Know who you are playing with – it can be easy to get caught up in the thrill of meeting new folks (either online or in person) and feeling seen and desired. Make sure you know who you are interacting with, and if you don’t know them personally, it is ok to put a pause on it, ask around, request more information from them, etc. Be clear in your experience – it absolutely fine to say you are just trying something out and are new to this, but it can cause issues if you pretend like you are an old hat at something you have never done before. Considering reading erotica or watching kinky porn to get an idea of what turns you on – obviously, the real world is different than fantasy, but you might get all sorts of fun ideas. Start slow and work your way up – always better to leave them (or you!) wanting more than to try too much too fast and not enjoy it or get hurt. Find a kink friendly provider who can answer some of your medical questions (like „can I do electro play if I have a pacemaker“ or „is it safe for me to hold my breath, or will it cause seizures?“). Consider working with a local Pro Domme or other sex educator, either individually or with you partner(s) to learn how to do things in a safer way. Check out KinkAcademy.com for videos on allllll sorts of activities you can learn how to do in the safety and comfort of your own home.

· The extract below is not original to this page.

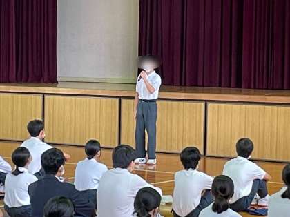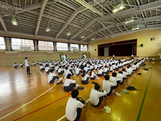 本日の学年集会は体育館で行いました。

Always be clear about all of your boundaries, but especially be clear about disability related needs/boundaries, and even more so if you are playing with someone you do not know.
Your understanding of devoteeism? Are disability fetishists exploiting people with disabilities?

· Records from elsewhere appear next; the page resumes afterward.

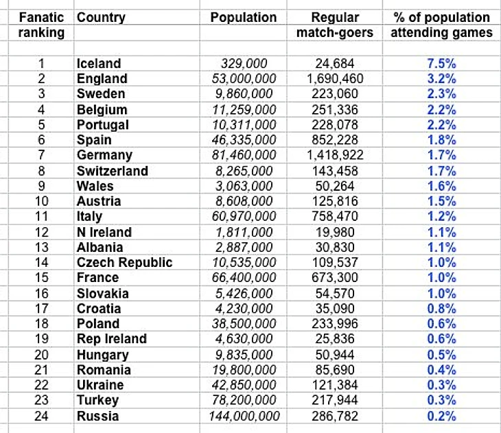 За основу рассчетов бралось соотношение общего количества населения страны и посещаемости стадионов
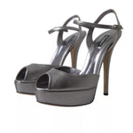 Dolce & Gabbana Silver Leather Platform Heels Sandals Shoes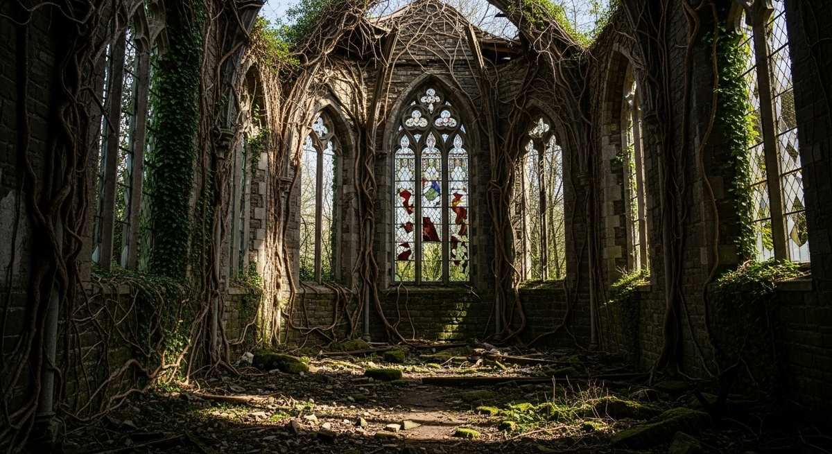 Внизу, в гробовой тишине храма, с оглушительным грохотом захлопнулись массивные дубовые двери. Единственный луч дневного света, падавший на алтарь, исчез, погрузив церковь в вязкий сумрак.

Are there devotees? Yes. Fetishists around disability? Yes. The bigger issues is around awareness and consent. In the same way that some women love to find and partner with men who are FemDomme devotees (ie, women are the better gender and should rule the world), some disabled folks enjoy that interaction with devotees, while others are not into that at all. Decide what your feelings are on this and make that clear to current and potential partners. If you do not like this aspect, and a potential partner seems to focus on your impairments, send them on their way. If you like it, manage expectations around what you do and do not like, what language you like used, etc. There was a professional switch who was Deaf, and spoke about when she topped people, she would joke with them to „cry all you want – it’s not like I can hear you“ (they had other safe word like actions negotiated), and when she bottomed to someone, she would turn off her cochlear implants, and she felt completely free and like she was flying. In the former situation, she enjoyed playing with devotee types, because she could make being Deaf a part of their scenes and their play, and it felt powerful. That said, it isn’t for everyone, so each person will need to make their own choices.
What every woman with disability can do for herself to improve sexual health?
Know your body, and what you like and don’t like (including what hurts, or what triggers other things – it doesn’t want to do them, but it is good to know and be prepared). See your provider regularly for good sexual care, STI testing, PrEP if you plan to have multiple partners or not use barriers, etc. Read books, blogs, etc., or watch movies, youtube, KinkAcademy shorts, etc., to figure out what interests you. Do self checks on your breasts or have someone help you (which can be fun!). Know that there is not one way to be sexual or sexy; figure out what feels good for you, and then pursue it.